The state calls death row inmate Dennis McGuire's argument over the execution process an "eleventh hour" appeal based on claims that should have been raised years ago. Ohio is also expected to oppose arguments about the impact of McGuire's childhood.

On Friday, defense attorneys put an anesthesiologist on the stand in federal court to bolster their arguments about the effect of the drugs. The state plans to counter with its own medical expert at a hearing Sunday.

McGuire, 53, was sentenced to die for the 1989 rape and fatal stabbing of Joy Stewart in Preble County in western Ohio. The 22-year-old Stewart was newly married and pregnant.

McGuire is at substantial risk of a medical phenomenon known as air hunger, which will cause him to experience terror as he strains to catch his breath, anesthesiologist David Waisel testified Friday.

Because McGuire has several characteristics of someone with sleep apnea, or the struggle to breathe while asleep, the chances are even greater he will be subjected to feelings of suffocation, said Waisel, a professor at Harvard Medical School.

"Mr. McGuire is at a substantial risk of experiencing the terror of air hunger during the first five minutes of the execution," Waisel said.

"Air hunger is a horrible feeling," Waisel added. "It's the inability to get your breath."

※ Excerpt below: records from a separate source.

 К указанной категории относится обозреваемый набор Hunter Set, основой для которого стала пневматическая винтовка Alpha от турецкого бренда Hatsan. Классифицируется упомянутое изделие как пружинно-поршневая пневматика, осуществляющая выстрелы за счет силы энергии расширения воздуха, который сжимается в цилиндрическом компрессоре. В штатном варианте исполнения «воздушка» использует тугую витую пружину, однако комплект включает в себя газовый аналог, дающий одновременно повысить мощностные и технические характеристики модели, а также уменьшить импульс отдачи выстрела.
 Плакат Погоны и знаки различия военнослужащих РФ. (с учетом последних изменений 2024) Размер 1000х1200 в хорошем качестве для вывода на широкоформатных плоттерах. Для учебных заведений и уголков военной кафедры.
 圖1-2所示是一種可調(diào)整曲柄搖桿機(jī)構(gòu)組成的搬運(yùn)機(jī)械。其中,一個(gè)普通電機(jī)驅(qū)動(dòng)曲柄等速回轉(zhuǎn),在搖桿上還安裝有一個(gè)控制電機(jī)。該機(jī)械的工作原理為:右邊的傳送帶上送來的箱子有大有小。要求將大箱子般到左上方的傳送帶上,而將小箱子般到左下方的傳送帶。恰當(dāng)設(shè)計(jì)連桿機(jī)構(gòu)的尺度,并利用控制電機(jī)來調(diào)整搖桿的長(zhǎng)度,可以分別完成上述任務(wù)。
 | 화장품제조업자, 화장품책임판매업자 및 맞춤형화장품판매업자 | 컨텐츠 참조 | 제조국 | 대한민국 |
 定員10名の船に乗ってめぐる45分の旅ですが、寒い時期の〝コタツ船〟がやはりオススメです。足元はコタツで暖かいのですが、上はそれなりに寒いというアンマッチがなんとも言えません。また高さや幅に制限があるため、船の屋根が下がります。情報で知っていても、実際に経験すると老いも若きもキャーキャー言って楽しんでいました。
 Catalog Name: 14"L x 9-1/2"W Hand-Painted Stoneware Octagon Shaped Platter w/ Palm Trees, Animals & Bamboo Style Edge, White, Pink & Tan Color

Ohio plans to use intravenous doses of two drugs, midazolam, a sedative, and hydromorphone, a painkiller, to put McGuire to death. The method has been part of Ohio's execution process since 2009, though never used. It was chosen because of a shortage of other lethal injection drugs.

The U.S. Constitution bans executions that constitute cruel and unusual punishment. But that doesn't mean procedures are entirely comfortable, an assistant Ohio attorney general told federal Judge Gregory Frost.

"You're not entitled to a pain-free execution," attorney Thomas Madden said Friday.

The state says its own anesthesiology expert is ready to argue that experiments disprove the air hunger experience alleged by McGuire's attorneys.

The state also says that because courts have upheld the use of the two drugs in Ohio's backup method — injection into muscle if the primary method was not effective — McGuire can't challenge them just because they are to be given intravenously.

There is no excuse for not raising this claim years ago, "much less presenting it for the first time in an eleventh-hour stay of execution," lawyers for the Ohio attorney general's office said in a Thursday filing.

Late Wednesday, McGuire's attorneys filed a separate appeal with the U.S. Supreme Court, saying information about his chaotic childhood of abuse and neglect could have prevented him from being sentenced to death if it was presented at trial.

The filings argue McGuire was so malnourished as a child that his stomach was swollen and distended. He also had to frequently steal food for himself and his younger sister, the appeal said.

The state's response to that claim is expected Monday.